**DATA BLOCK:**
[Start of section]

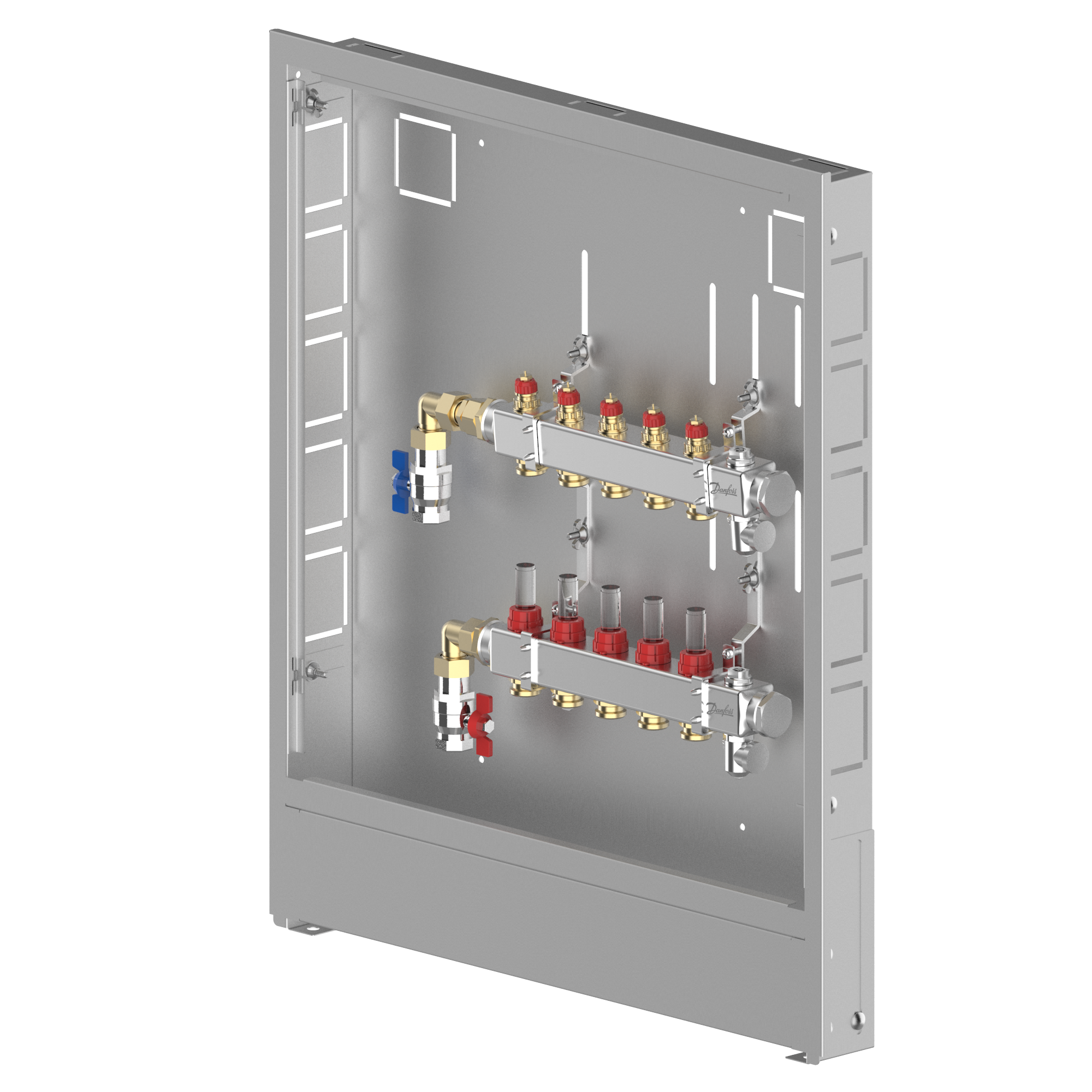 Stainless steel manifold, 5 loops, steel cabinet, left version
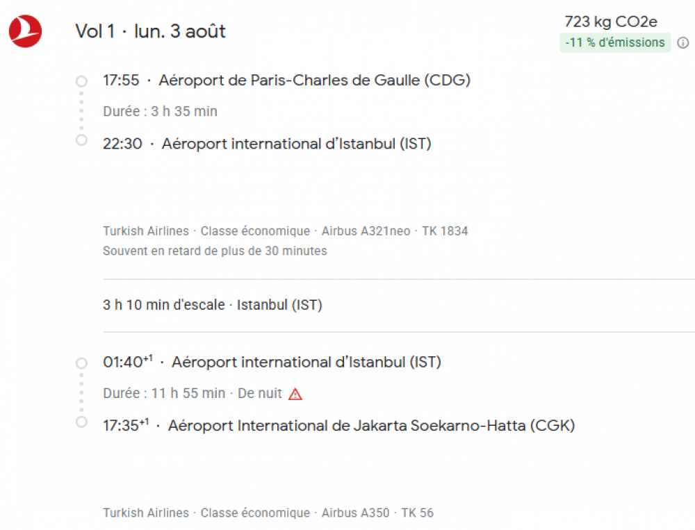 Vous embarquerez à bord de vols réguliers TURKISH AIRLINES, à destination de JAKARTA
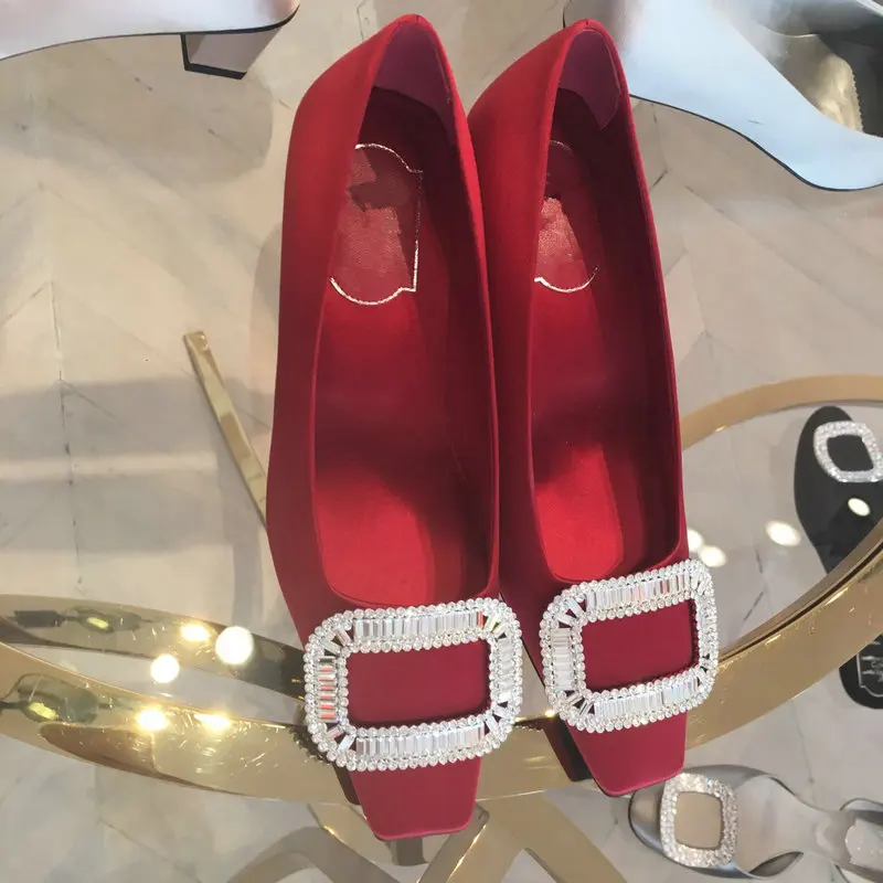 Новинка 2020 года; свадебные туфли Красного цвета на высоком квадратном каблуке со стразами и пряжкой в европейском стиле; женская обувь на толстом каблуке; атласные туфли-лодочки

[End of section]

Leave the images out. Set down all of the material above exactly.

**EXERCISE RESPONSE:**
 Stainless steel manifold, 5 loops, steel cabinet, left version
 Vous embarquerez à bord de vols réguliers TURKISH AIRLINES, à destination de JAKARTA
 Новинка 2020 года; свадебные туфли Красного цвета на высоком квадратном каблуке со стразами и пряжкой в европейском стиле; женская обувь на толстом каблуке; атласные туфли-лодочки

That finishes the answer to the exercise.